# what exactly does "approved in principle mean"



## ilovepink

hello. 

ive been approved in principal for my mortgage and im wondering how excited can i get.

Can i take it as im "approved" or am i totally off the mark?

valuation has been completed and now getting to the stage of full approval but just wondering of peoples opinions on "approval in principal"

thank you


----------



## pudds

I would take it as meaning that it seems...'everything is ok'  but we just have to do some final checks.    I wouldn't celebrate yet but it's looking good.


----------



## doubledeb

We had approval in principal from a ***** lender 4 years ago.  there were 3 things we had to do.  send up the valuation cheque (which was cashed as soon as it was received). Send in the direct debit mandate and photo ID.  We did all of the above and went on a holiday (oh happy days).  Auctioneer was constantly ringing me while on hols asking where the contracts were bla bla.  Anyway got back and rang the bank.  Was told "oh sorry theres been a mistake you were misinformed, your not going to be getting that amount". We'll give ye 30k less.  Low and behold had to go through the whole process again with another institution.  thankfully they were actually human and better at dealing with people.  My point is, sorry to say, but I would only get excited when you get your keys.  A very sinister outlook I know but hindsight and all that...
Good luck with it


----------



## fizzelina

I agree with Doubledeb, we didn't allow ourselves to get excited until we had signed the contracts and had the loan offer letter from the bank. Incidentally it took us nearly 3 months to go from approval in principle to the bank actually issuing a loan offer letter. Eventually the loan offer letter came and we signed contracts and we were in within 5 weeks but the wait from approval in principle to getting a loan offer letter and the worry of whether it would come was certainly not exciting!


----------



## NorfBank

These days an approval in principle means nothing really.
A loan offer is better but I would not rely 100% on it.

To be honest, on some mortgages, you sweat until the mortgage cheque is cashed.

Take all of this on a case by case basis though, strong applications still sail through. If your repayment capacity is strong, job is safe, credit profile clean and your loan to value is low then an AIP will move to a loan offer and onto drawdown fairly quickly. If borderline then it's time to sweat unfortunately.


[broken link removed]


----------



## Mad Bad Babs

I also have 'approval in principal' recently. I must admit i got very excited thinking if you got to approval in principal you were over the hardest hurdle as 2 of my freiends recently didn't even make it to approval in principal. They were turned down flat by brokers who wouldn't even entertain their application until they had cleared loans ect.

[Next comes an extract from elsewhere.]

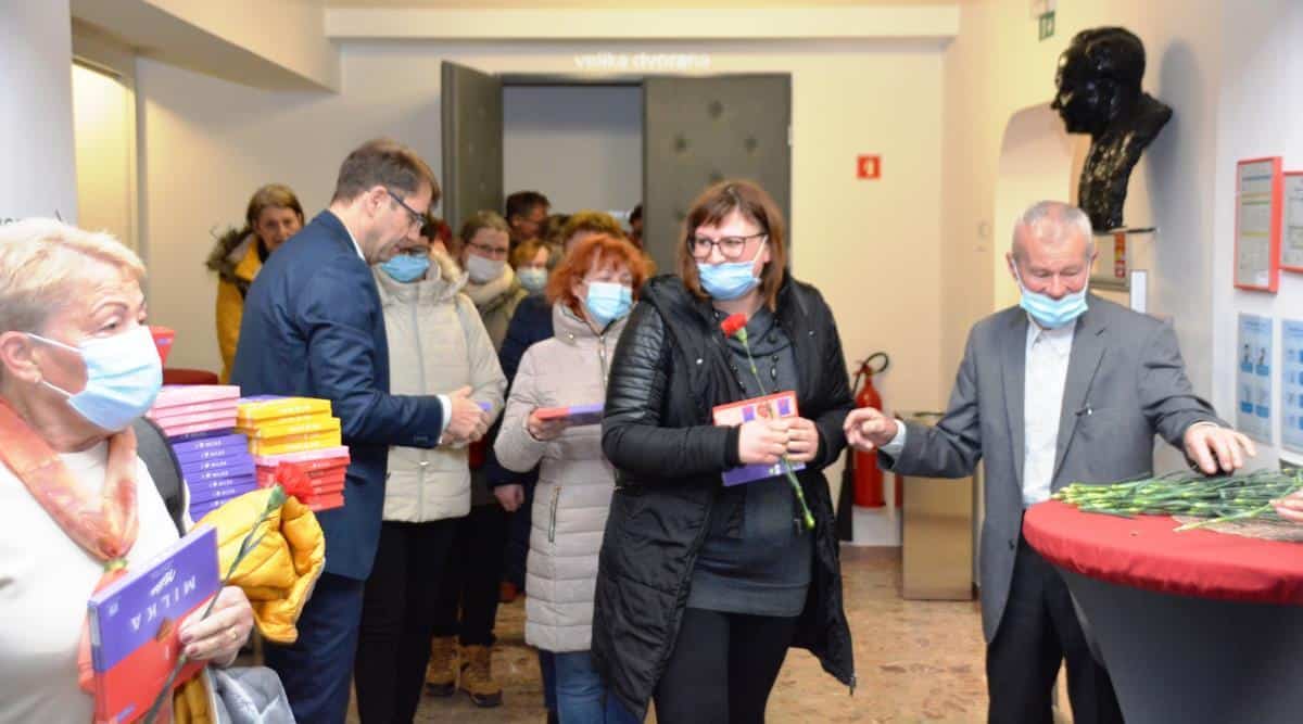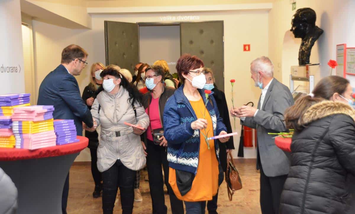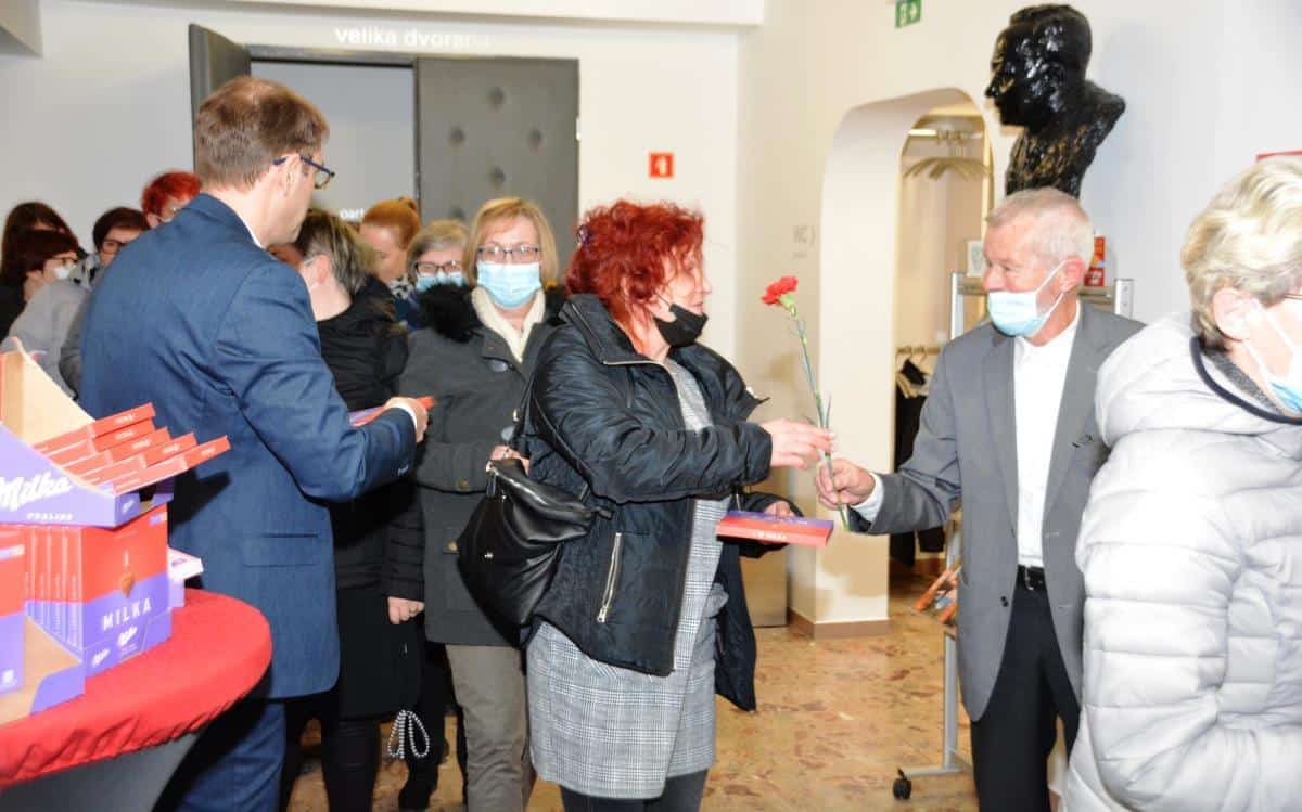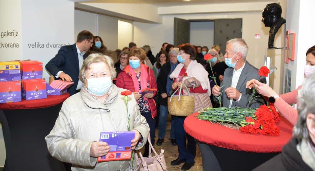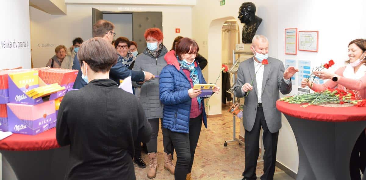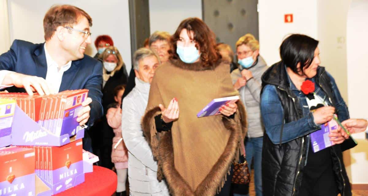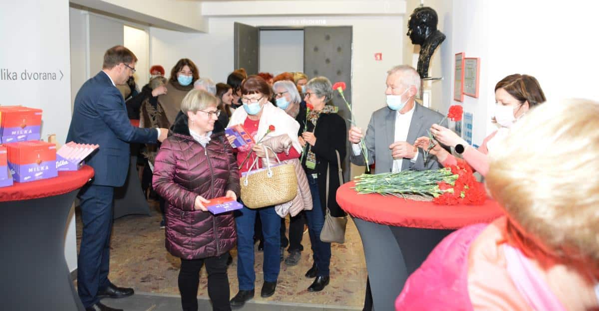 V avli kulturnega doma je obiskovalke čakalo sladko presenečenje, ki ga jim je podelil župan sam in rdeč nagelj, ki so ga prejele iz rok predsednika Društva upokojencev Jožeta Prednika.

I'm really disappointed that it means nothing really. Although my lender has been quite positive re: my application ie saying things like '_*when *_you draw down on your mortgage as opposed to *if *you get to  drawdown'.


----------



## droileen

"Approval in Principal" dated 4 years ago is not worth the paper it was printed on - It is usually only valid for a period of 3 months.


----------



## Renter27

droileen said:


> "approval in principal" dated 4 years ago is not worth the paper it was printed on - it is usually only valid for a period of 3 months.



? ?


----------